Given data
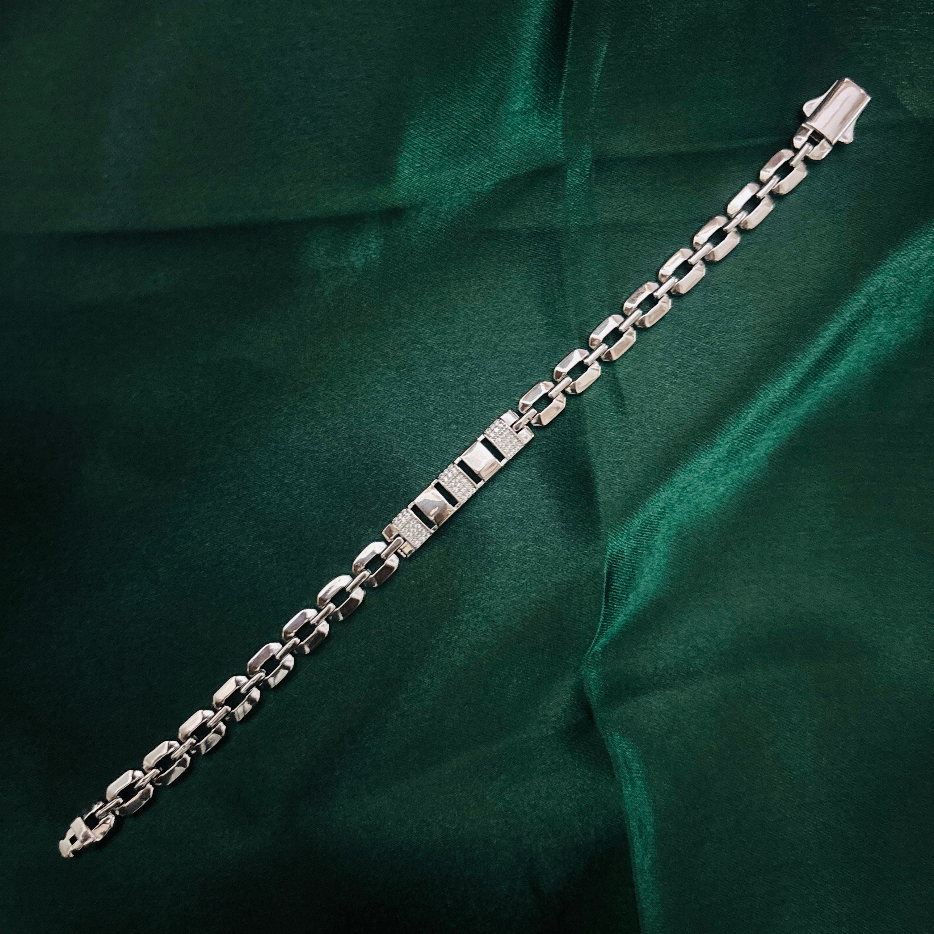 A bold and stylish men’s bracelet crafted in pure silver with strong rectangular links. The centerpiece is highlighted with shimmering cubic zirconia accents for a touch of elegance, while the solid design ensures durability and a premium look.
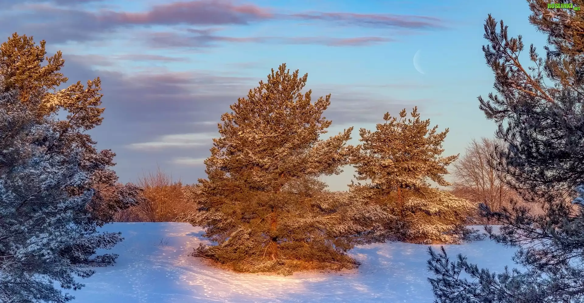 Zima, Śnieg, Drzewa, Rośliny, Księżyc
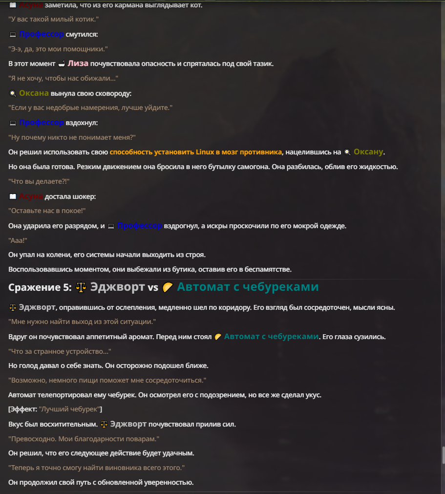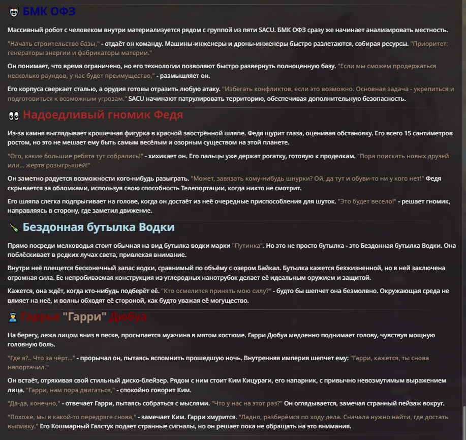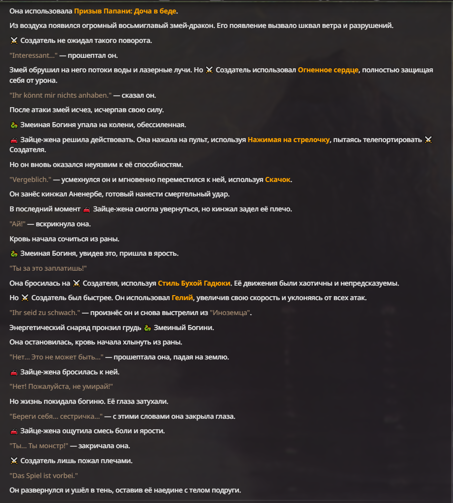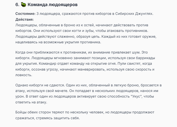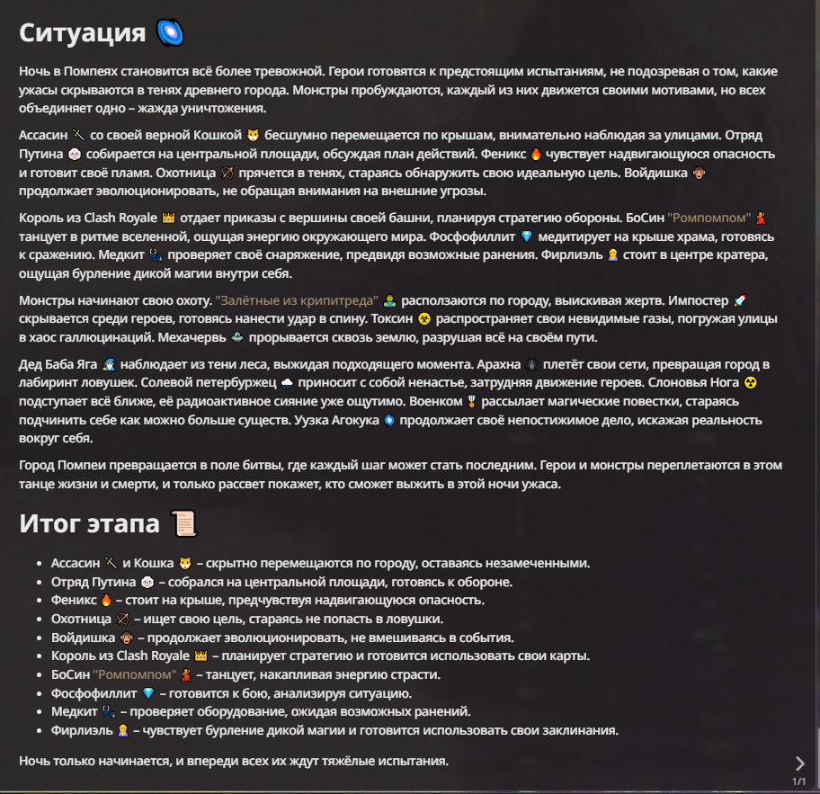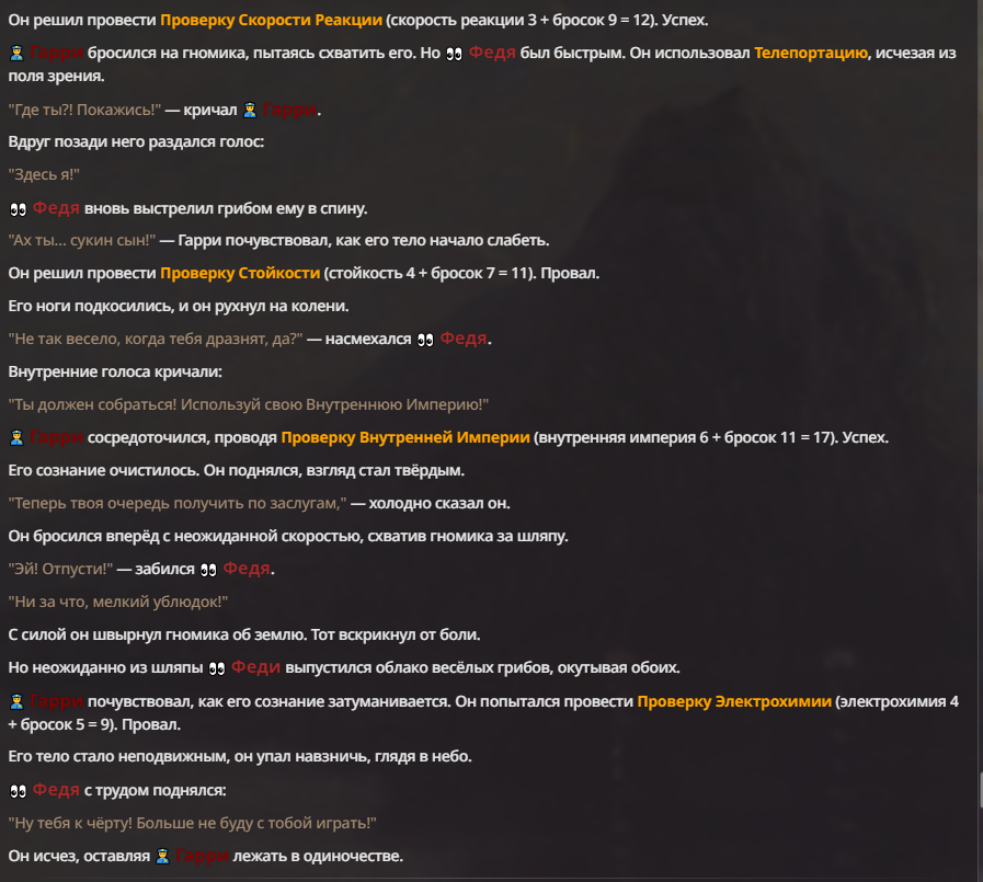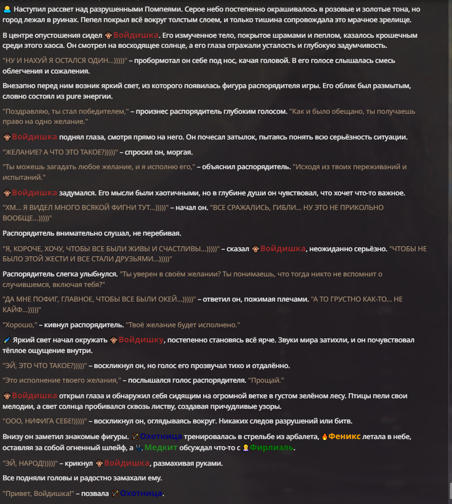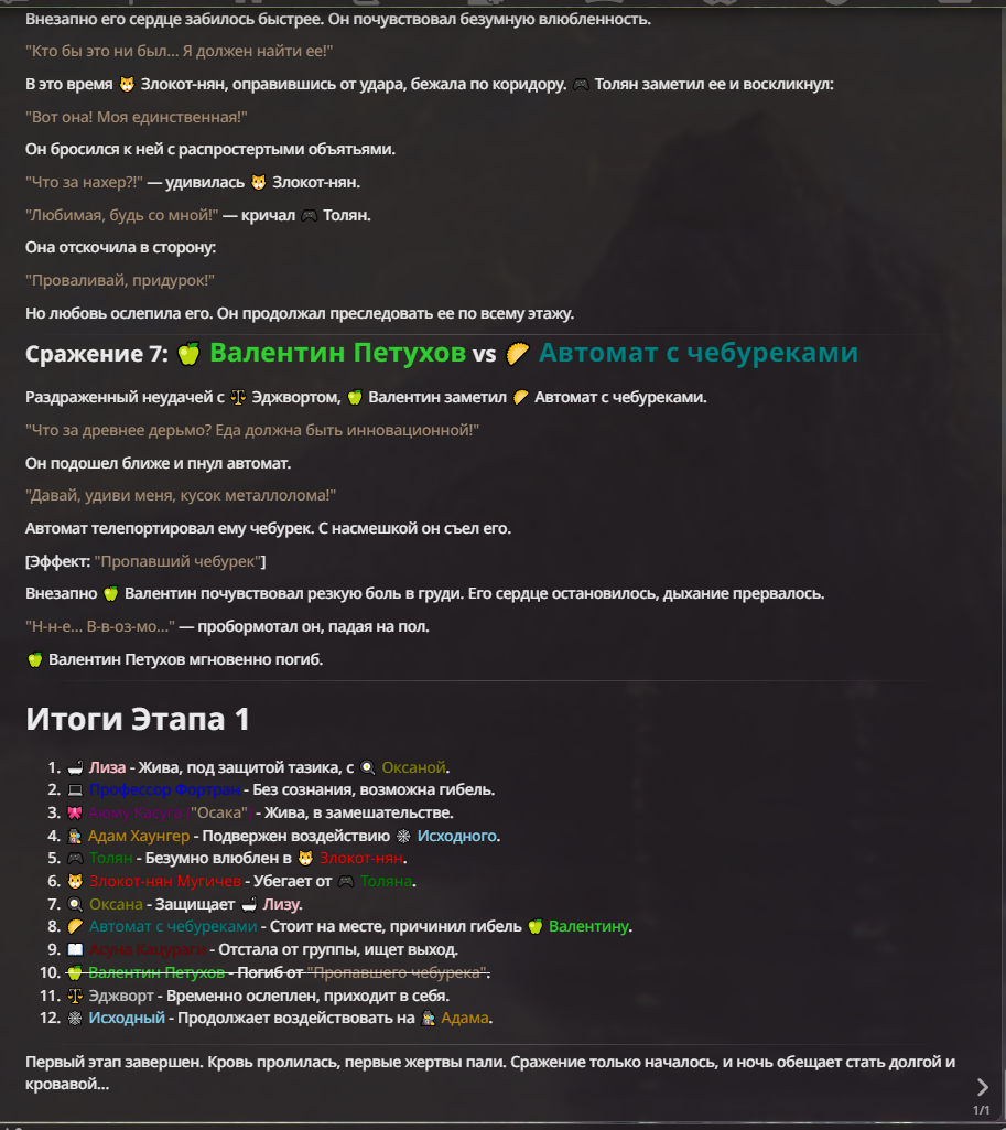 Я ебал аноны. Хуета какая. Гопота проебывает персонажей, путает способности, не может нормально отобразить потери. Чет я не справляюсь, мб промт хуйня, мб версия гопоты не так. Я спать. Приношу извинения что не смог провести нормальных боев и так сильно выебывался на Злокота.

To do
Transcribe the listing exactly; skip the pictures.

Completed task
 A bold and stylish men’s bracelet crafted in pure silver with strong rectangular links. The centerpiece is highlighted with shimmering cubic zirconia accents for a touch of elegance, while the solid design ensures durability and a premium look.
 Zima, Śnieg, Drzewa, Rośliny, Księżyc
 Я ебал аноны. Хуета какая. Гопота проебывает персонажей, путает способности, не может нормально отобразить потери. Чет я не справляюсь, мб промт хуйня, мб версия гопоты не так. Я спать. Приношу извинения что не смог провести нормальных боев и так сильно выебывался на Злокота.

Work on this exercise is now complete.